## [Data for analysis]
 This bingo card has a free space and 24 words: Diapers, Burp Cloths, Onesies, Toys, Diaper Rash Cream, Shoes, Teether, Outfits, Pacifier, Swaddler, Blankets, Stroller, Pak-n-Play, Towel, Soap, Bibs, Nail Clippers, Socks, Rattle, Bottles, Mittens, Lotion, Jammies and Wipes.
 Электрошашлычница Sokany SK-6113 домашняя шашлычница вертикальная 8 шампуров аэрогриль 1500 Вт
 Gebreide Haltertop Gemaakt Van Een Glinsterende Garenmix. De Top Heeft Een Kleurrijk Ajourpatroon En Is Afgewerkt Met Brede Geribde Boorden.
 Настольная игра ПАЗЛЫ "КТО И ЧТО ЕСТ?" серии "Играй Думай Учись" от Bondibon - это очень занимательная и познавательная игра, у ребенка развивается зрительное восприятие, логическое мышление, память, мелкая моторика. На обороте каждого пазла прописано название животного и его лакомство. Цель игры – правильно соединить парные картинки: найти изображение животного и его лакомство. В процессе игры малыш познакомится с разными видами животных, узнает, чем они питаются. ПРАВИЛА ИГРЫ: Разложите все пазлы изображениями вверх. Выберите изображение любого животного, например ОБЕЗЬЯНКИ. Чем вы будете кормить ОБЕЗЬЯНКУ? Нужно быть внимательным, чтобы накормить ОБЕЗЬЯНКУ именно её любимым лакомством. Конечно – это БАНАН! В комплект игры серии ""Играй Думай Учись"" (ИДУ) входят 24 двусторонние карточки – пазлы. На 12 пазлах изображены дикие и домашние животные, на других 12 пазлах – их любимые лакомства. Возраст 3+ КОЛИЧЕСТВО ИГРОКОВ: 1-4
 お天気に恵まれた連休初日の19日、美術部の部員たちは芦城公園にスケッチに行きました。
* * *
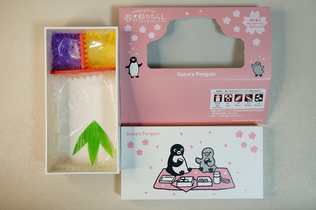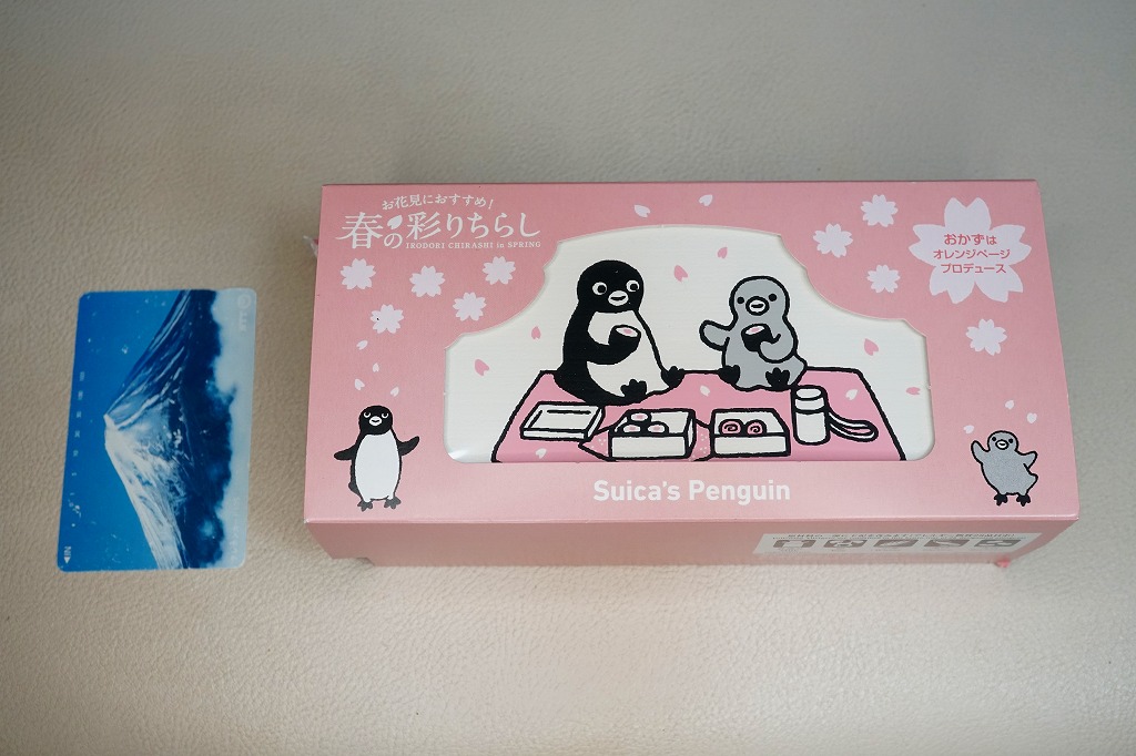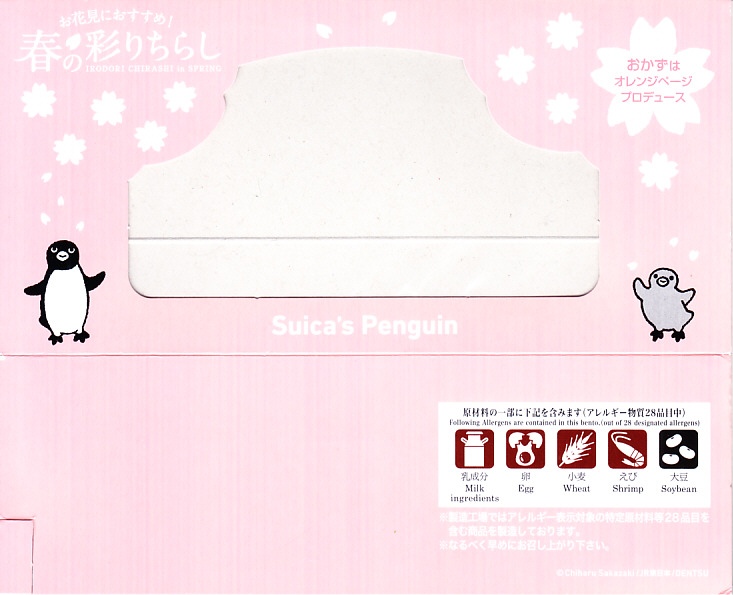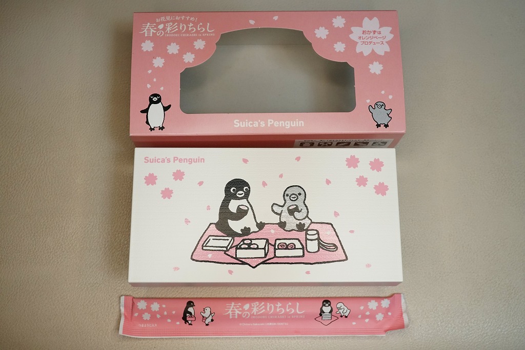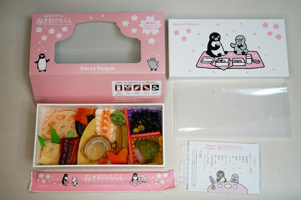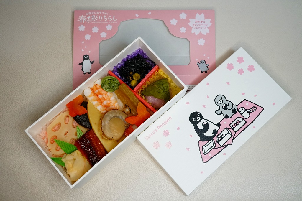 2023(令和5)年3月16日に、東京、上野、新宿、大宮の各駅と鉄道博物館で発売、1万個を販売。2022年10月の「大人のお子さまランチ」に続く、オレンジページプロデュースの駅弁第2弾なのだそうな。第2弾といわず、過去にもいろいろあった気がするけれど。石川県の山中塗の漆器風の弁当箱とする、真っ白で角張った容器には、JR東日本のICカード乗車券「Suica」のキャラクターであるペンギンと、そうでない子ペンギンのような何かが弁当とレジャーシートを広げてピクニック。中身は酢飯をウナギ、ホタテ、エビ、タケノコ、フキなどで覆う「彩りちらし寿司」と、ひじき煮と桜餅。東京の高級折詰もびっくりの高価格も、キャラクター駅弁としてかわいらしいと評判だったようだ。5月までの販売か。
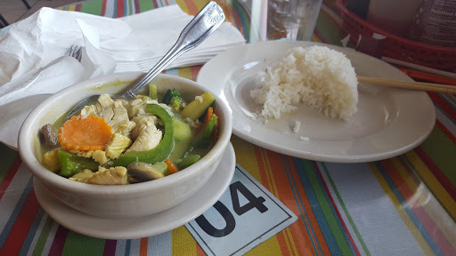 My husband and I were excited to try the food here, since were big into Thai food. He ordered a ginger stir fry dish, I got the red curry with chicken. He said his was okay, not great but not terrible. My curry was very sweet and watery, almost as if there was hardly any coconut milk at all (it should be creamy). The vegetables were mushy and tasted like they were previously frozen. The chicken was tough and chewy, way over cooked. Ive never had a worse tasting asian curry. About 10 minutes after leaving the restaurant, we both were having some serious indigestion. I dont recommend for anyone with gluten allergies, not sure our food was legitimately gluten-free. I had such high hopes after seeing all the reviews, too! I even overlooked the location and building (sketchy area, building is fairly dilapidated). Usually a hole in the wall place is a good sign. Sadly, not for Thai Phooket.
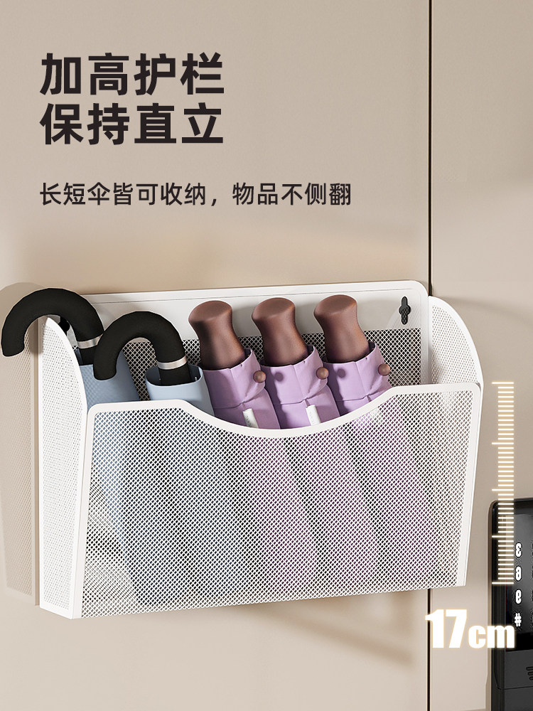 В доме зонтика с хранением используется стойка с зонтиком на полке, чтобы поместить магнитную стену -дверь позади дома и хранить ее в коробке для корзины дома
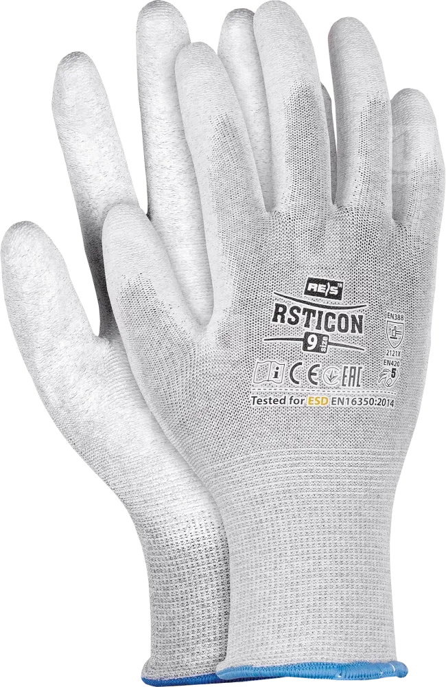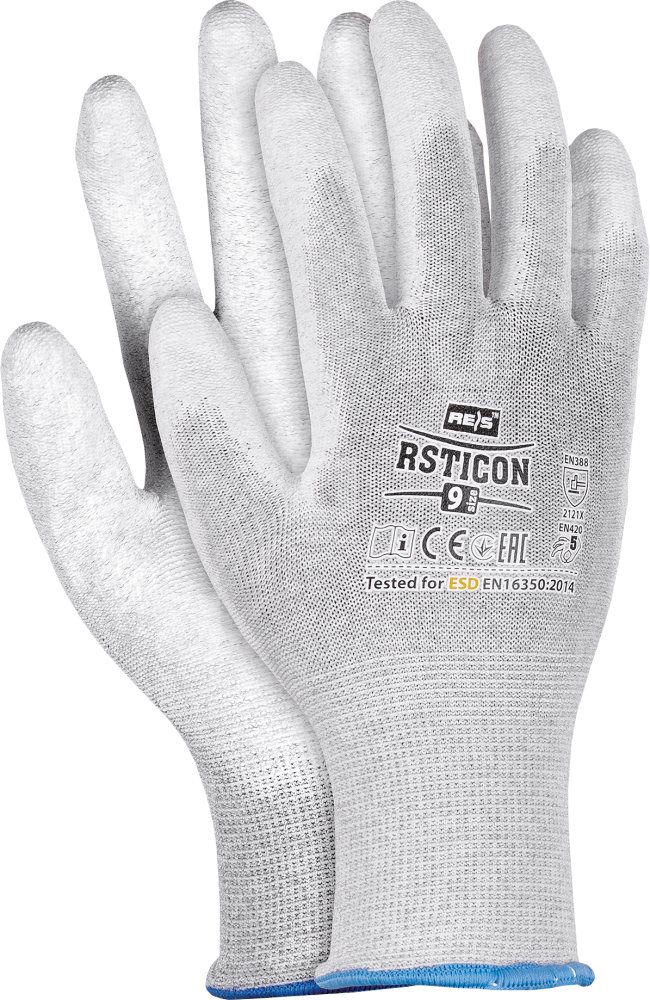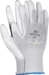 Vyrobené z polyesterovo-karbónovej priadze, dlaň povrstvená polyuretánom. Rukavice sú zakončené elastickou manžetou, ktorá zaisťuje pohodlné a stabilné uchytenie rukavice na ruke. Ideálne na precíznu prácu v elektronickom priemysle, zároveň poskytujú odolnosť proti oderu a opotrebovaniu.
==
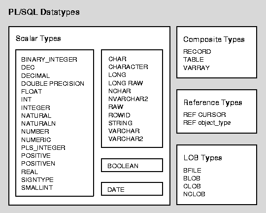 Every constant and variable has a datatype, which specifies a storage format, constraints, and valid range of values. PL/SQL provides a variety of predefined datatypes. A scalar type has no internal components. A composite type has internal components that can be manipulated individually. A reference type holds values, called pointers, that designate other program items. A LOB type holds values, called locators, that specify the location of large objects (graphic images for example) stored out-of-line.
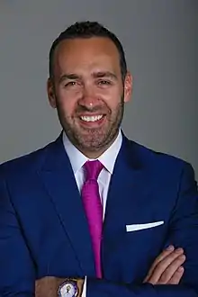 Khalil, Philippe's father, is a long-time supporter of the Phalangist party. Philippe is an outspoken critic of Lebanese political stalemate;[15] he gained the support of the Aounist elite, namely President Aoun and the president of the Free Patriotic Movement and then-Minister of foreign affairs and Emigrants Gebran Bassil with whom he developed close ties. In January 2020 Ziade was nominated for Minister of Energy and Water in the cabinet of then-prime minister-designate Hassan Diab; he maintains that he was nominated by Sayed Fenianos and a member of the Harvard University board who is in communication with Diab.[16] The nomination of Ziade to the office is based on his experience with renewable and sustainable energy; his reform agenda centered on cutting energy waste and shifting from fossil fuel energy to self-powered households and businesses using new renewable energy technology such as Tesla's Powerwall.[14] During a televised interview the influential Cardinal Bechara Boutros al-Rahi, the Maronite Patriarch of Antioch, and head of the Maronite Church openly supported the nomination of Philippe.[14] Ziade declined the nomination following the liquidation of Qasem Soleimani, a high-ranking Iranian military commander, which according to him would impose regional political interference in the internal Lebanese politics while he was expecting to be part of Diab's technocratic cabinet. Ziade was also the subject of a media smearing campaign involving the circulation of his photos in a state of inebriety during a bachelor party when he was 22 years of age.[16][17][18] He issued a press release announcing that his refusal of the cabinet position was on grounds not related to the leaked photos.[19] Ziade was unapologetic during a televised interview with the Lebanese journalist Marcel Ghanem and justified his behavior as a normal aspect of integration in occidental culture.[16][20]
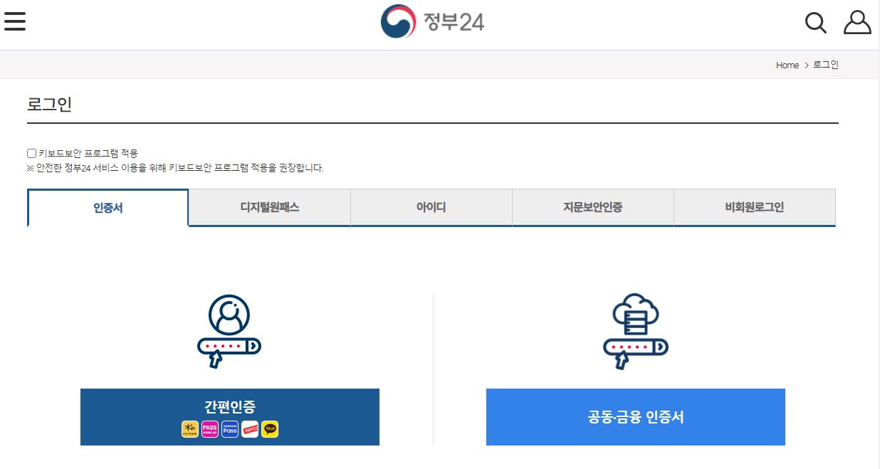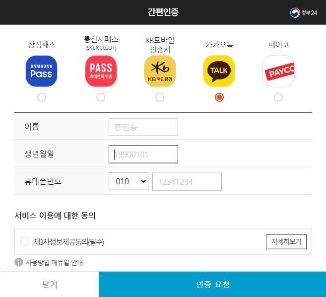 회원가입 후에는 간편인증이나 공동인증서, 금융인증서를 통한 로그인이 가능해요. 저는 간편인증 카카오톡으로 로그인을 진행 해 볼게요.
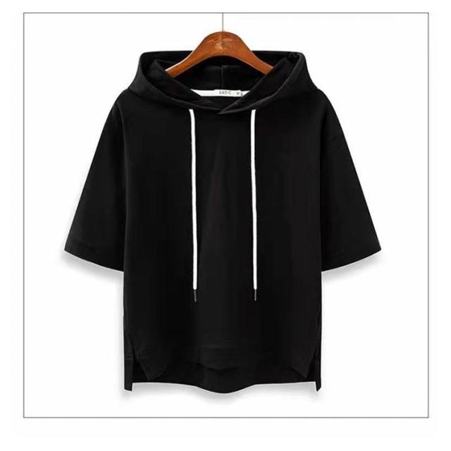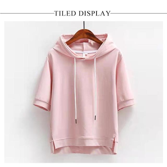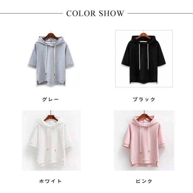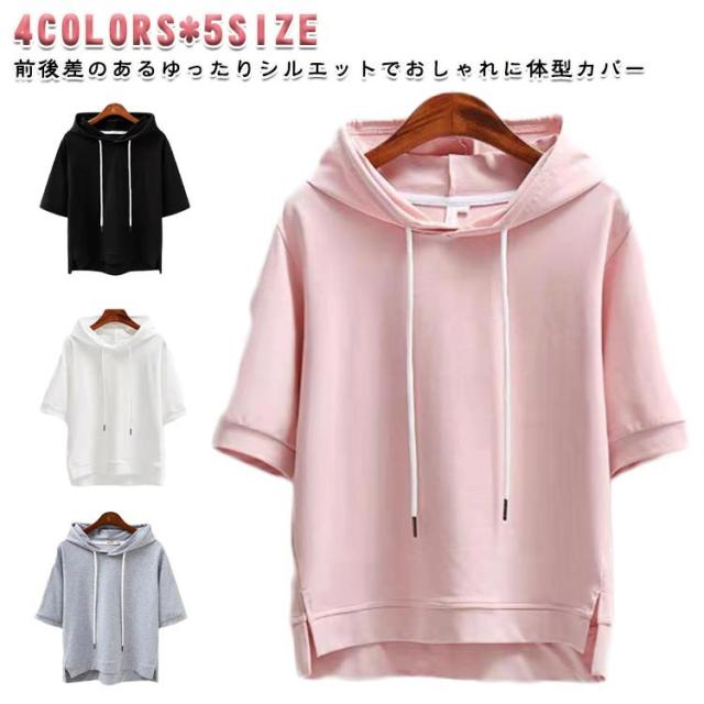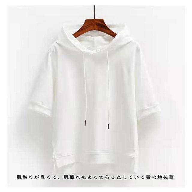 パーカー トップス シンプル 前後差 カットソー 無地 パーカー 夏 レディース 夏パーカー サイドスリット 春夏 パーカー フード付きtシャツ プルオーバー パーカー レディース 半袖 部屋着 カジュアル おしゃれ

## [Brief]
Look back at the data above. Transcribe exactly the lines starting at the line that contains "This bingo card" and ending at the line that contains "Gebreide Haltertop Gemaakt".

## [Response box]
 This bingo card has a free space and 24 words: Diapers, Burp Cloths, Onesies, Toys, Diaper Rash Cream, Shoes, Teether, Outfits, Pacifier, Swaddler, Blankets, Stroller, Pak-n-Play, Towel, Soap, Bibs, Nail Clippers, Socks, Rattle, Bottles, Mittens, Lotion, Jammies and Wipes.
 Электрошашлычница Sokany SK-6113 домашняя шашлычница вертикальная 8 шампуров аэрогриль 1500 Вт
 Gebreide Haltertop Gemaakt Van Een Glinsterende Garenmix. De Top Heeft Een Kleurrijk Ajourpatroon En Is Afgewerkt Met Brede Geribde Boorden.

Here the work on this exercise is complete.